Nuestros sentidos también son mediadores entre nuestra persona, en su totalidad, y la realidad que nos acontece. Incluso, nuestros pensamientos y sentimientos también median, creando una red de relaciones interna sobre la que se sustenta nuestra vida cotidiana. Pero, sucede que este mecanismo es tan tenue, tan sublime, que pasa muchas veces inadvertido. Es, entonces, cuando sucede algo que rompe la cotidianidad, que los medios que nos unen a la realidad se hacen evidentes.
La fragilidad de una persona a la que quiero pone en evidencia mi propia fragilidad. Y esto nos une más fuertemente que, incluso, los lazos consanguíneos. Este sentimiento a flor de piel se convierte en un medio para acercarme a la otra persona y, por ende, a mí mismo. La sensación de vacío que en ocasiones puede haber entre uno mismo y la realidad que nos envuelve, no es sino la llamada a descubrir los puentes que nos conectan con el universo.
Vivir los acontecimientos, las relaciones, las cosas desde la inmediatez, es como anular o pisar aquello que nos une al entorno. El “espacio vital” que necesitamos para relacionarnos con lo que nos rodea, nos ayuda a contemplarlo y apreciar sus dimensiones. En esta misma línea, también necesitamos un “tiempo vital” para comprender y contemplar nuestra existencia y la de los demás.
El tiempo y el espacio vital de cada persona son diferentes.
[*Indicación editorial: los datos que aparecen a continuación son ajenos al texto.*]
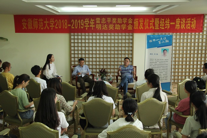 颁发仪式结束后,第二期“经纬一席谈”拉开帷幕,本期嘉宾邀请学院党委书记贾冠忠和院长苏勤与同学们交流专业学习和考研就业等方面的问题。他们希望同学能够树立远大理想和大学学习目标,鼓励大家广泛涉猎各种各样的书籍,多读书、读好书,多学习文学,历史,哲学,对人生发展有指导性作用;学习不能走马观花,将所学的知识用于实践,课外学习会对自身发展会起到意想不到的效果;本科生就业前景良好,要学会坚持,就业取决于个人兴趣,职业认同感和社会评价。在现场互动交流环节,同学们积极踊跃、争先恐后地提出问题,氛围十分热烈。活动结束后,现场师生亲切自拍合影,记录美好时刻。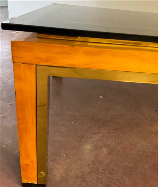 Tavolo da salotto in legno e ottone, piano in vetro fumé. Italia, anni '70. (cm 140x40x75) (lievi difetti)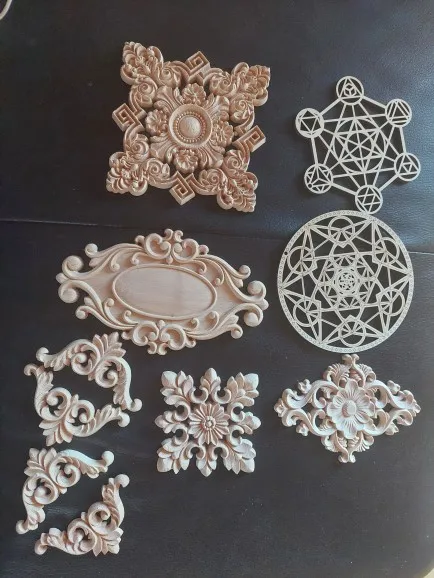 RUNBAZEF-Applique en bois de Style fleur décorative, pièces de fleur, passe-fond, garde-robe murale C. Flower, accessoires de décoration pour la maison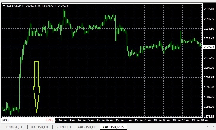 Нужна помощь при проведении пространственного анализа? Перейдите в раздел «История счета» и выберите интересующую вас сделку. Теперь перетащите ее на график (если на то пошло, любой график, поскольку MT4 автоматически перейдет к нужному). Вы сможете увидеть точки входа и выхода из этой конкретной сделки, четко обозначенные двумя стрелками, объединенными пунктирной линией тренда. Хотите быстрее и проще перемещаться по диаграмме? Используйте клавиши Page Up и Page Down для перемещения по всему экрану вперед или назад во времени. Нажмите End, чтобы перейти к последнему ценовому бару. Если вы смотрите исторические цены для тестирования стратегии или хотите научиться «читать» рынок, используйте F12 для перемещения графика по одному ценовому бару за раз. Чтобы скопировать (со всеми атрибутами, цветом, толщиной и т. д.) линию или любой другой объект: выделите ее (двойной щелчок), затем нажмите и удерживайте CTRL и перетащите дубликат куда угодно. Если вы хотите изменить длину линии, выберите ее, удерживайте клавишу Shift, а затем перетащите ее влево или вправо, чтобы изменить ее длину. Для переключения таймфреймов в полноэкранном режиме: нажмите Enter, а затем код нужного таймфрейма (например, M15, H4, D).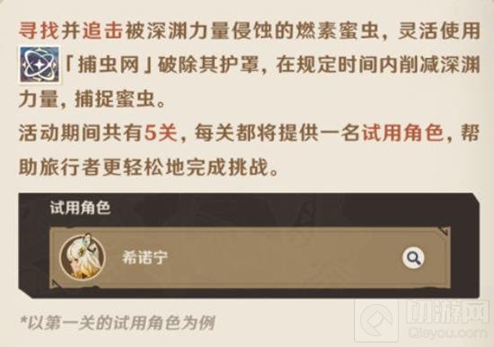 「寻溯蜜虫之宝」是一个限时活动,从2024年10月10日10点开始至10月11日3点59分结束。在这段时间内,你需要寻找并追捕那些受到深渊力量侵蚀的燃素蜜虫。每个关卡都会提供一名试用角色,助你更轻松地完成挑战。第一天的试用角色是新角色希诺宁,也可以正好趁这时候进行上手体验。

Respetarlos nos permite circular por la realidad de manera singular y gratificante. Nos ayuda también a percibir que siempre hay algo mediando las relaciones que hay que cuidar y mantener: sentimientos, ideas, historias, proyectos comunes… Esas sacudidas que recibimos a lo largo de la vida que nos recuerdan que nuestra realidad es más que yo mismo, nos ayudan a habitar el tiempo y el espacio vital propio. En él se desarrolla todo aquello que para nosotros tiene valor y sirve de medio para decirnos que estamos existiendo.